JAY SEKULOW, LAWYER OF DONALD TRUMP: I do want to be clear that the
President was not involved in the drafting of the statement and did not
issue the statement. It came from Donald Trump Jr.

SANDERS: The President weighed in as any father would based on the limited
information that he had. He certainly didn`t dictate but you know, he –
like I said, he weighed in, offered suggestion like any father would do.


HAYES: Like any father would do in widely incriminating e-mail when
(INAUDIBLE) by his son`s activity. Even Don Jr. himself tried to cover for
his dad telling Congress, and this was under oath, I will note, that he did
not know if Trump was involved in drafting the misleading statement and
claiming that “I never spoke to my father about it. So for nearly a year,
let`s be clear here, team Trump claiming the President had little to no
involvement. Now, in that newly released letter to Robert Mueller, Trump`s
own lawyers say Trump himself dictated the misleading statement on his own
which would seem to implicate the President in an effort to cover up his
campaigns entanglement with Russia. Today Sarah Huckabee Sanders was
repeatedly asked to reconcile her past claims at that very poor very podium
in front of everyone like we saw on the tape with the new disclosure from
the President`s own lawyers and she did not have much of an answer.


UNIDENTIFIED MALE: Did you say from the podium that it wasn`t dictated by
the President because his lawyers are saying something entirely different
and contradicting. How are we supposed to know what to believe? How can
we believe what you`re saying from the podium if the lawyers are saying
it`s entirely inaccurate?

SANDERS: Once again, I can`t comment on a letter from the President`s
outside counsel, I`ll direct you to them to answer it. John?

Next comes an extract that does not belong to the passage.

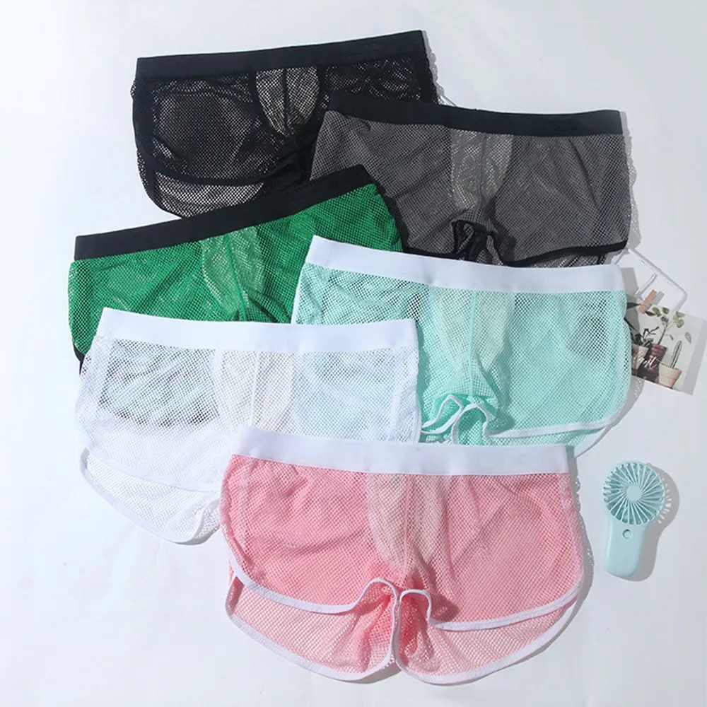 * Описание товара: ③ мужские сетчатые трусики с низкой талией, сексуальное нижнее белье, дышащие прозрачные полые сексуальные трусы-боксеры

UNIDENTIFIED MALE: Literally you said he did not dictate, the lawyer said
he did. What is it?

SANDER: I will not respond to a letter from the President`s outside
counsel. We purposely walled off and I would refer you to them for


HAYES: Joining me now MSNBC Contributor Natasha Bertrand, Staffer at the
Atlantic covering the Russia investigation and Fordham Law School Professor
Jed Shugerman who argued in Slate yesterday the letter from Trump`s lawyers
amounts to an admission of obstruction. Natasha, let me start with you.
The significance of this lie now being exposed, what do you think it is?

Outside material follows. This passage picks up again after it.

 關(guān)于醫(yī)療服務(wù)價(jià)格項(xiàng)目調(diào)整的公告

NATASHA BERTRAND, MSNBC CONTRIBUTOR: I mean, it`s always been fairly
obvious that Trump played a direct role in crafting the statement. Now we
have it in black and white which is actually kind of rare that we see this
kind of – it`s just this lie just so plainly out there. But the
significance of it is that it could be considered obstruction of justice as
Jed wrote in his piece for Slate. Of course, Trump was trying to perhaps
throw Mueller off the scent of potential coordination between his campaign
and Russia when they did meet with the Russians at Trump Tower or in the
height of the election in June 2016. And of course, we know that the
events surrounding all of that were extremely chaotic.

Trump dined with Putin the night before this bombshell story was released
by the New York Times that they talked about adoptions which of course is
code word for sanctions, for U.S. sanctions on Russia. And then the very
next day he assisted on dictating this statement on behalf of his son that
had to do with adoptions. And then you had Hope Hicks, the former
Communications Director who was saying to Mark Corallo, the former legal
spokesman that these – that these e-mails would never get out and
therefore they really had no reason to actually get out ahead of this and
say that in fact the real reason that the President`s son campaign chairman
and son-in-law met with the Russians was because they had offered dirt on
Hillary Clinton. So there was just this whole chaotic swirl of things that
were happening and the President was at the center of it.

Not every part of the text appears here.